Closed GeraldIr closed 2 months ago
Do you have an example of these different result nodes? Maybe the check can also be improved? We are for instance thinking about a save_collection process, that could also have this problem.
From: Gerald Walter Irsiegler @.> Sent: Monday, December 4, 2023 11:44 AM To: Open-EO/openeo-python-client @.> Cc: Subscribed @.***> Subject: [Open-EO/openeo-python-client] Allow '_ensure_save_result' to be skipped with a flag in any place it is called. (Issue #513)
Often I find myself being unable to start jobs that have different result nodes which are incompatible with save_result and there has to be some workaround implemented for handling these edge cases.
I'd like to propose an optional flag for methods such as create_job and download which allows ensure save result to be skipped so that no superfluous save_result node gets added.
I can also create a PR for this if a change like this is approved.

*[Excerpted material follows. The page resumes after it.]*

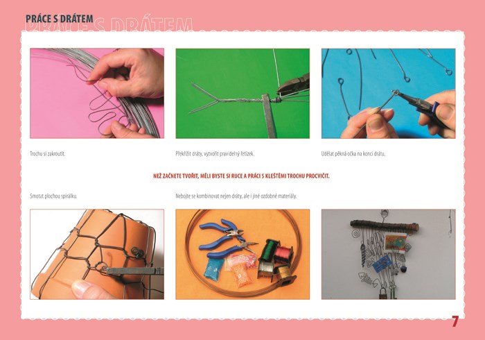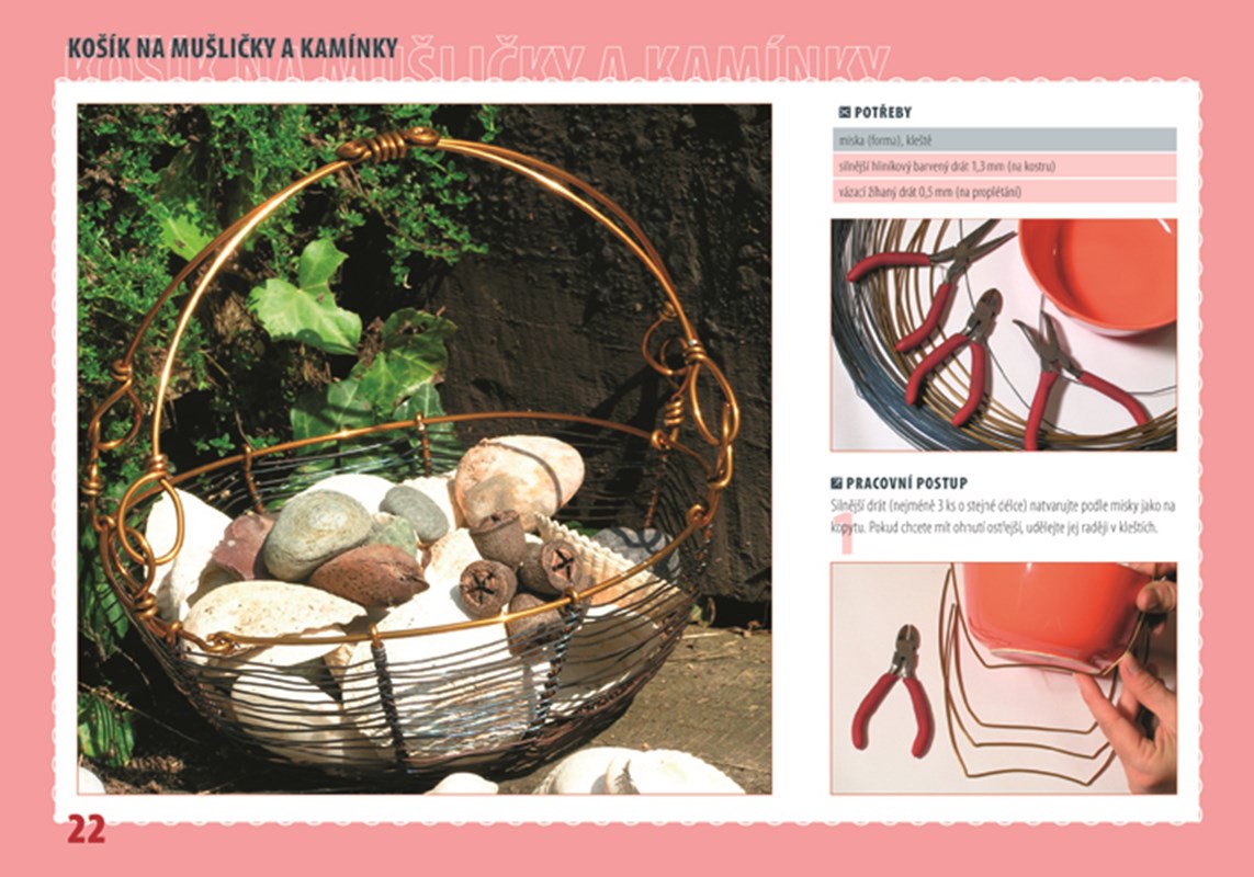 Zhotovte si krásné, praktické i umělecké výrobky z drátu s pomocí fotografických návodů a pokynů zkušené autorky, lektorky a členky Cechu českého a moravského uměleckého drátování. Projekty jsou rozděleny podle ročních období, takže si vždy vyrobíte to, co se zrovna hodí – na jaře si můžete odrátovat velikonoční vajíčka, květináč na bylinky či vyrobit okrasná zapichovátka s jarními motivy, v létě udělat košík na mušličky a kamínky z dovolené, párty vidličky a mobilní závěs, krásně cinkající ve větru na terase, na podzim odrátovat láhev na víno, k ní udrátovat nosič a mísu na ovoce, v zimě nachystat ozdobné svíčky s tácem a háčky na přání k Novému roku. Nechybí dobré tipy a šablony.

— Reply to this email directly, view it on GitHubhttps://github.com/Open-EO/openeo-python-client/issues/513, or unsubscribehttps://github.com/notifications/unsubscribe-auth/ABNJPSH5Q75CQFPLCIQLMK3YHWSQTAVCNFSM6AAAAABAFYEIOOVHI2DSMVQWIX3LMV43ASLTON2WKOZSGAZDGNJVGAYDCMI. You are receiving this because you are subscribed to this thread.Message ID: @.***>
VITO Disclaimer: http://www.vito.be/e-maildisclaimer
We are currently using save_ml_model which stores results of random forest regression, we debated including this functionality in save_result but decided the outputs were different enough to justify its own process (and this might in the future be the case for more things, like UDFs).
I think for more advanced users having the option would be a benefit, and making it optional would save the users relying on it currently from any trouble.
is save_ml_model
the only use case you're talking about? Because we can easily whitelist that process alongside save_result
in the logic.
ah no wait, save_ml_model
is already whitelisted in MlModel.create_job()
so I'm not sure I fully understand the problem here.
can you provide some examples in code snippets?
I would like to skip the save_result
for some of the sen2like
processing and now created a PR to do so: https://github.com/Open-EO/openeo-python-client/pull/627 Not sure, if I miss something, I could not find a whitelist for save_ml_model
to use it as an example.
Side note: if you do connection.create_job(your_cube.flat_graph())
, no save_result will be added. This is the easy way around.
A better way forward would be to fetch the schema for the last process, and only add save_result
if the output is a datacube.
Now the thing is, sen2like claims the output is a datacube, so as a user, I would expect that I actually need to add a save_result
process, otherwise I won't get valid output. Also the process description does not mention anything in this regards.
@ValentinaHutter Is that process metadata correct?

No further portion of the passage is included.